Unregistrable unitary matter that creates a grammatically or otherwise unitary expression must be disclaimed as a whole. The key to determining unitariness is whether various parts of a mark are so integrated or merged together that they cannot be regarded as separable; they are read together as a single unit. Parts of a mark are unitary if those parts create a single commercial impression or have a distinct commercial impression independent of the separate parts. For example, you could be required to provide a disclaimer of an entire unregistrable unitary phrase instead of the individual words that create the phrase (for example, the mark PETE'S PIZZA PARLOR for a pizza restaurant in which the unitary phrase PIZZA PARLOR must be disclaimed as a unit rather than the words PIZZA and PARLOR separately).

For more information about how to disclaim misspelled, compound, foreign, or unitary wording and matter, see TMEP §§1213.05 et seq., 1213.08(c)-(d), 1215.07.

How do I submit a disclaimer?

You should respond to a disclaimer requirement in a nonfinal Office action by using the Trademark Electronic Application System (TEAS) Response to Office Action form, which includes any required statement and supporting declaration language referenced in the Office action.
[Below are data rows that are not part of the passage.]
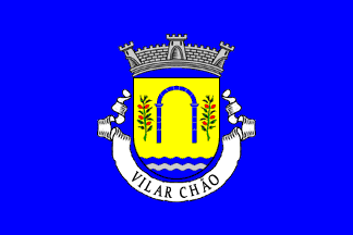 Shield Or an arch Azure masoned Argent flanked by two almond branches Vert fruited Gules set in pale and on a base wavy Azure a bendlet wavy Argent. Mural crown Argent with three visible towers(village rank) white scroll reading in black upper case serifed letters "VILAR CHÃO".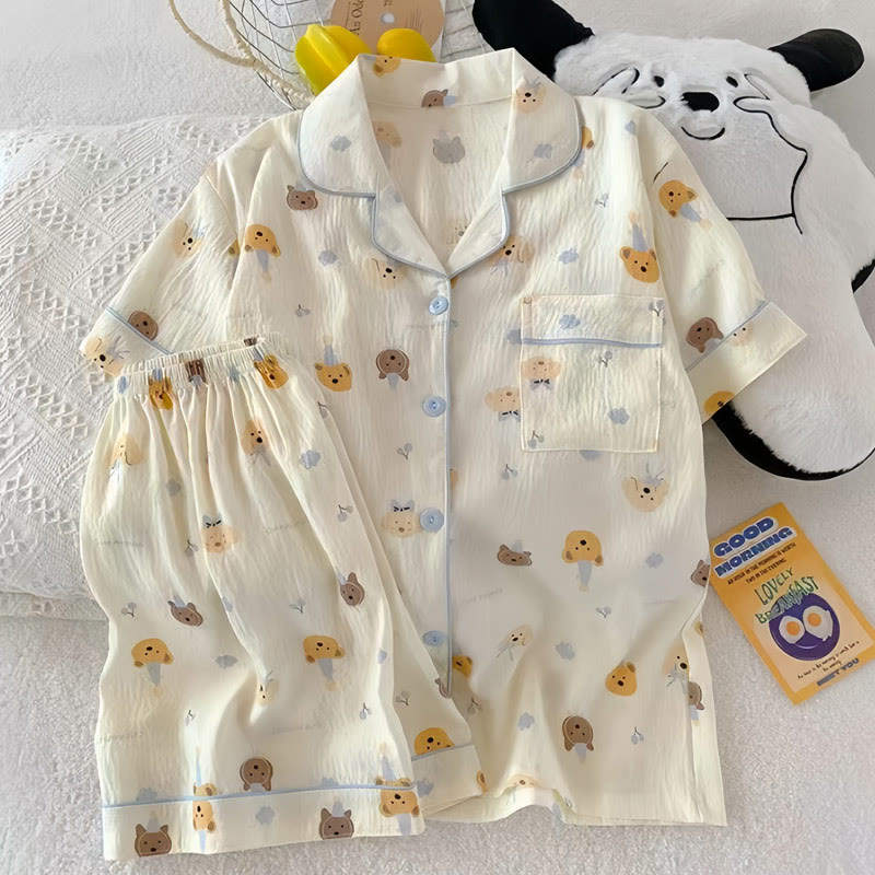 Zweiteiliges Pyjama-Set mit Bärenwelpen-Print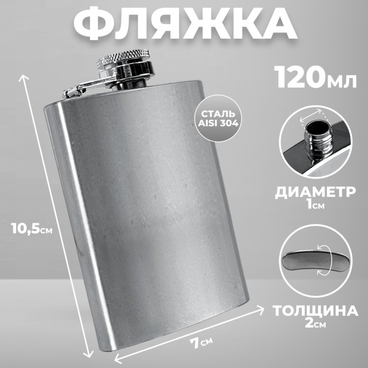 Материал: Пищевая нержавеющая сталь AISI 304 (фляжка), Металл (крышечка), Пластик (крепление крышечки).

You should respond to a disclaimer requirement in a final Office action by using the TEAS Request for Reconsideration after Final Action form.
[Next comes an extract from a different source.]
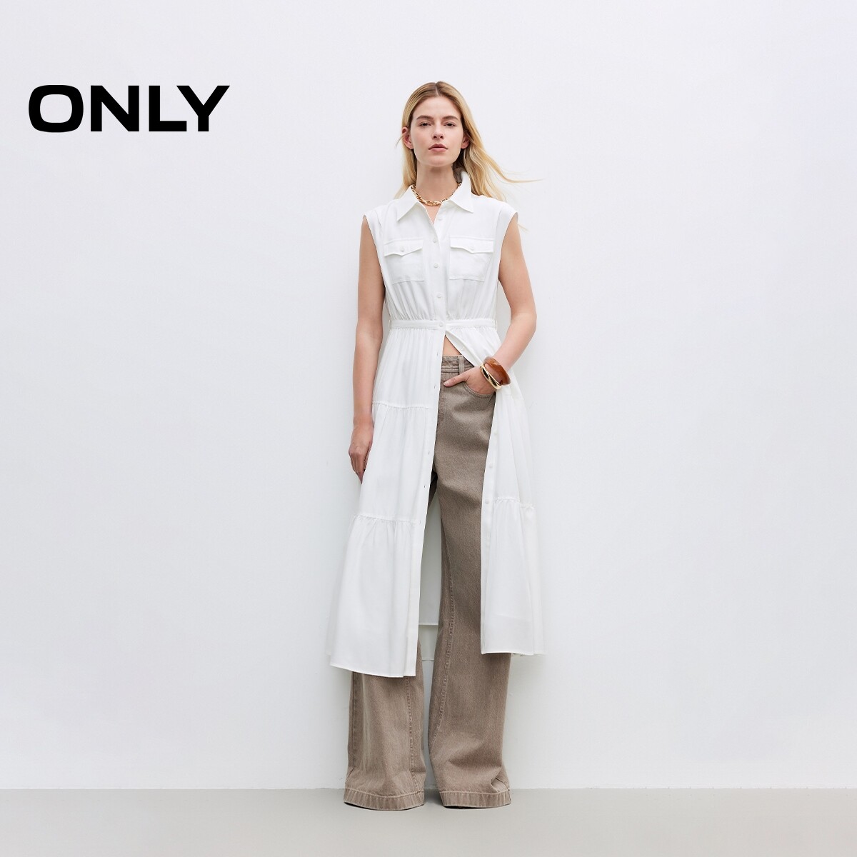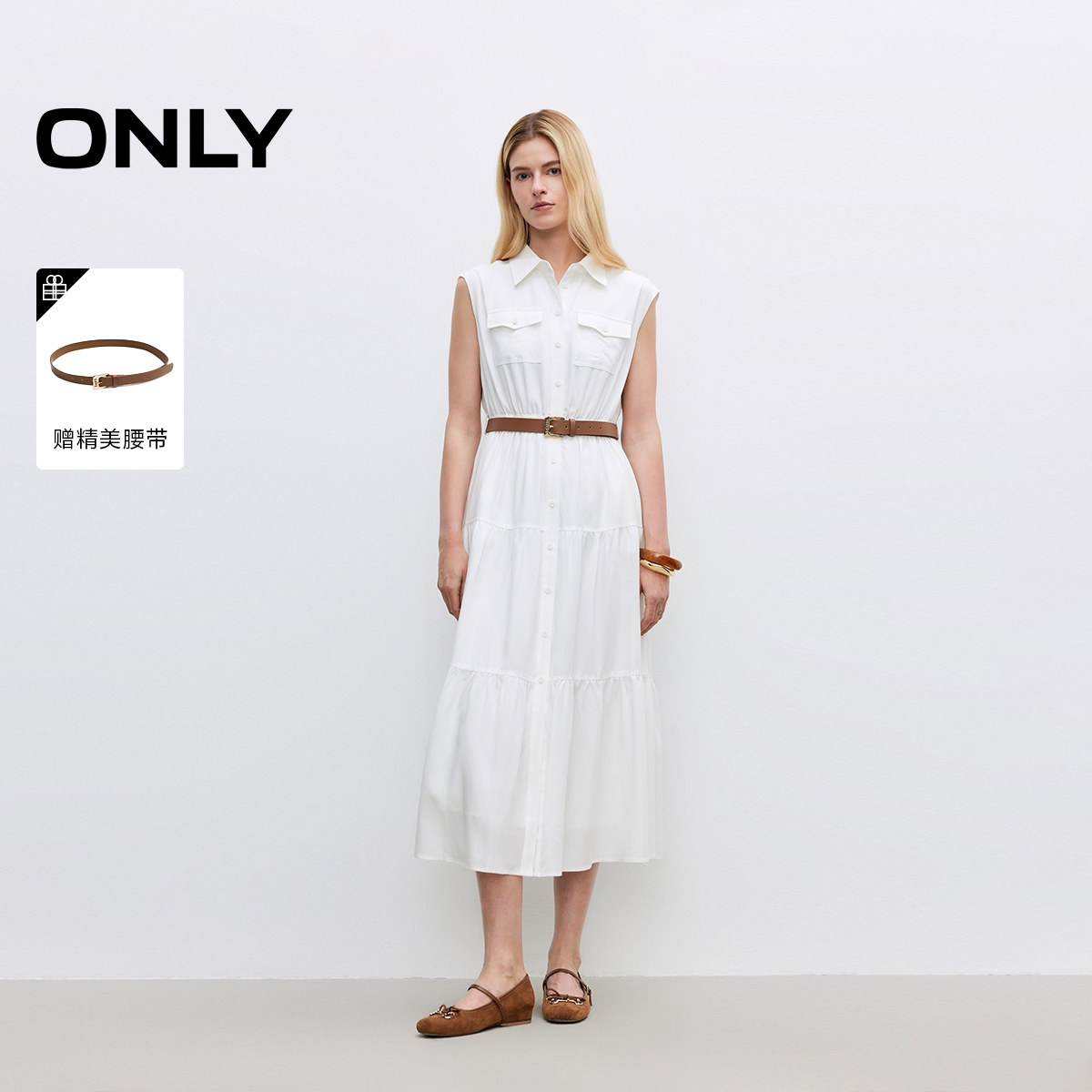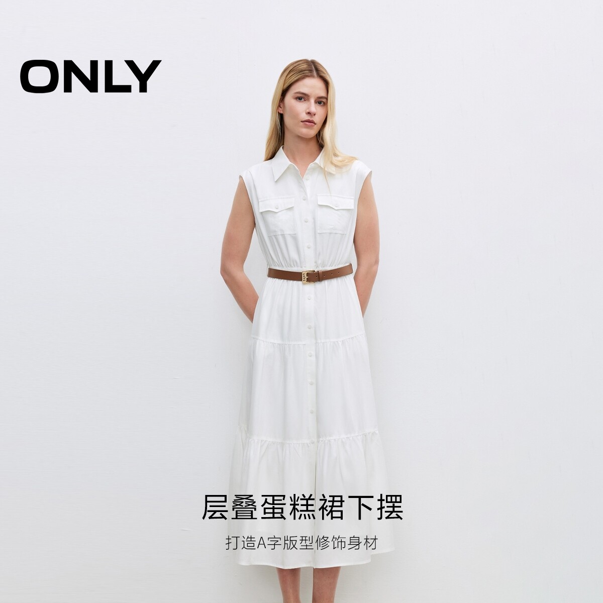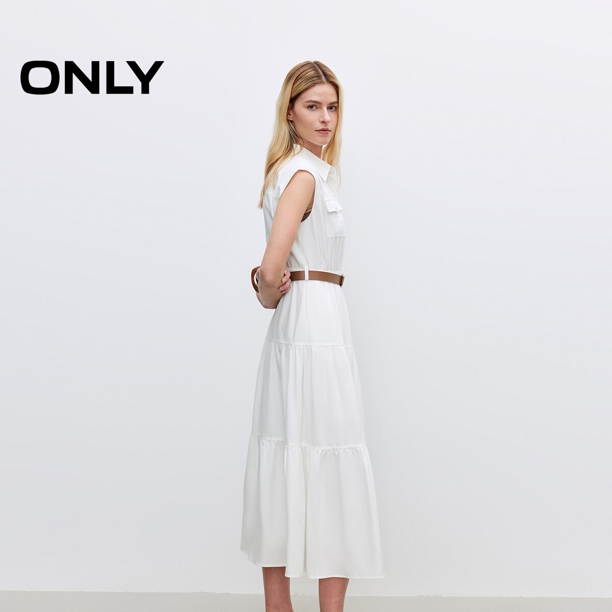 ONLY2026春季新款含莱赛尔亚麻收腰无袖翻领白色蛋糕长连衣裙女

TEAS online form instructions: Answer "Yes" to form wizard question #3. In the "Additional Statements" section, type the wording or design description to be disclaimed in the text entry box for a disclaimer. To satisfy the trademark examining attorney's disclaimer requirement, the entry in this box should match precisely what was specified in the Office action. Do not enter the wording or design description in the standardized format referenced above because the additional text in that disclaimer statement is already included in the TEAS form. For technical assistance, contact TEAS@uspto.gov.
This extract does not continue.